If we keep this in view, the formal arrangement of the Psalm becomes easy and simple. The Psalm falls into two main divisions, an objective and a subjective one, which are even externally separated from each other by a Selah, at the end of Psalms 81:7.

The first, Psalms 81:1-7, is completed in seven verses. This, as usual, is divided into a three and a four. The second main division contains, in the first instance, only nine verses, and is divided by a five and a four. The defect of the conclusion, however, is, as in the case in Psalms 77, compensated by the title. The arrangement, therefore, is exactly the same as that which obtains universally in Psalms which contain 17 verses.

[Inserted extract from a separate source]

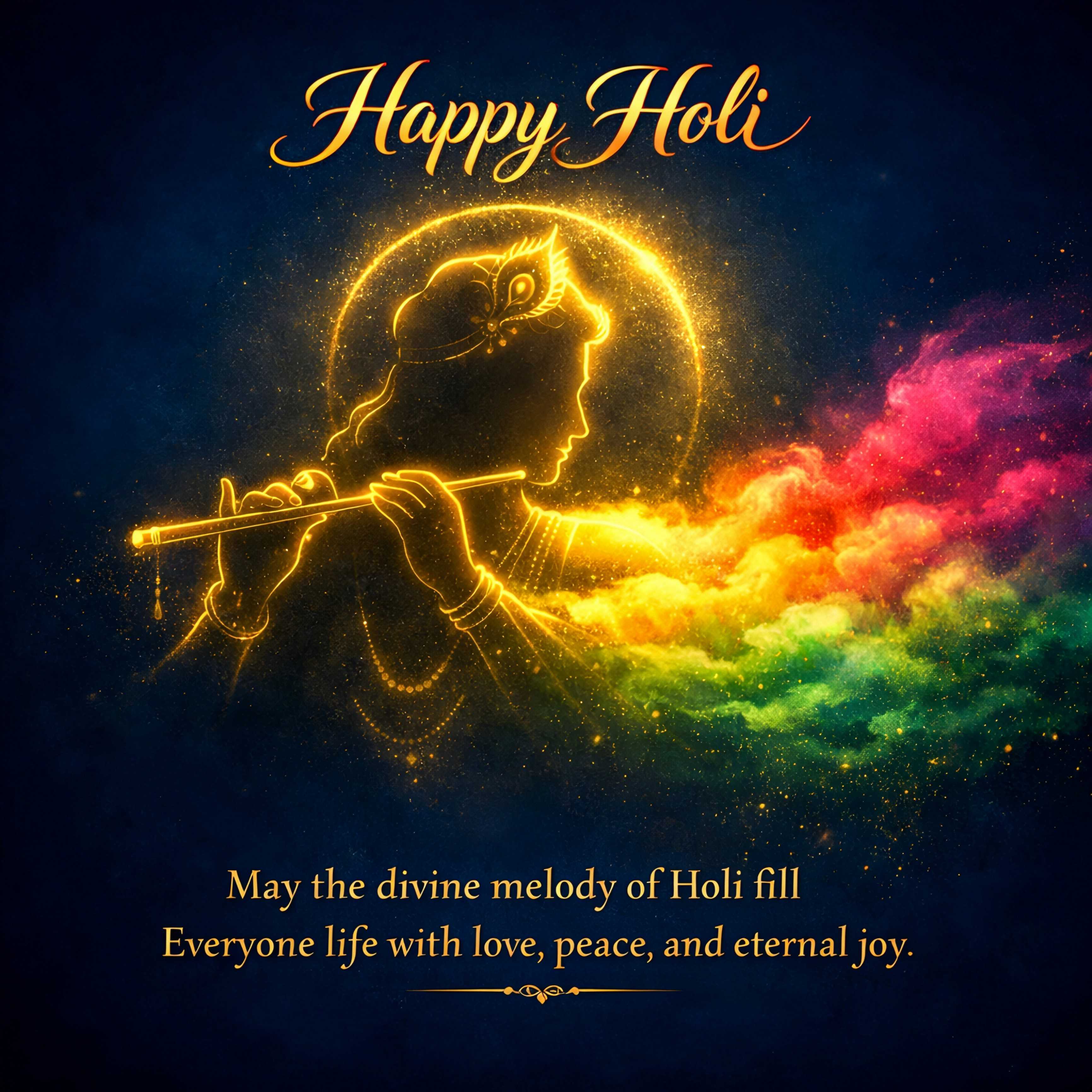 This HD image features a golden Krishna with colorful gulal clouds in the background and the main text “Happy Holi” along with a beautiful quote about love, peace, and eternal joy. The divine and festive design creates a powerful Holi celebration look, perfect for sharing heartfelt wishes. Ideal for the queries: happy holi wishes, holi celebration quotes, holi quotes, happy holi quotes, happy holi wishes hd. Download this for free and it is also Copyright free with no attribution required.

According to the title, “ To the Chief Musician after the manner of Gath (comp. at title of Psalms 8) by Asaph,” the Psalm was composed by Asaph. We showed already, at Psalms 74, that we must adhere to the Asaph who belonged to the age of David, in all the Psalms which bear this name, except in those cases in which the contents of the Psalm render this impossible. In the present instance this is not the case. “The contents,” observes Köster, “are of a general character, and the freshness of tone indicates the great age of the Psalm.” The verbal reasons which led Hitzig to assign it a very late date are of no consequence. He refers to the loose יהוסף in Psalms 81:5, and to the participle after לו in Psalms 81:13. But that the retention of the ה of the Hiph. (Ew. §. 284), is not at all characteristic of the language of later times, is evident, among other passages, from Psalms 45:17, and from 1 Sam. 22:47. These forms are throughout poetical, and are altogether independent of time. Poetry is fond of full and sonorous expressions. It can never be shown that the position of the participle after לו is characteristic of a later idiom; comp. 2 Samuel 18:12. In favour, however, of the Asaph of David’s tithe, we have to urge the prophetic character which our Psalm bears in common with the other productions of this bard, the “seer,” the prophet among the Psalmists, Psalms 50, Psalms 73, Psalms 78 (even Hitzig believed that he heard in the warnings here the voice of the author of the seventy-eighth Psalm), and Psalms 82. To this we may add the striking connection between ver. 8 here, and Psalms 50:7.

Verses 1-13

Ver. 1. Sing aloud to God, who is our strength, make a joyful-noise unto the God of Jacob. Ver. 2. Raise the song, and give the timbrel, the lovely guitar with the harp. Ver. 3. Blow in the month the horn, at the full moon, on the day of our feast.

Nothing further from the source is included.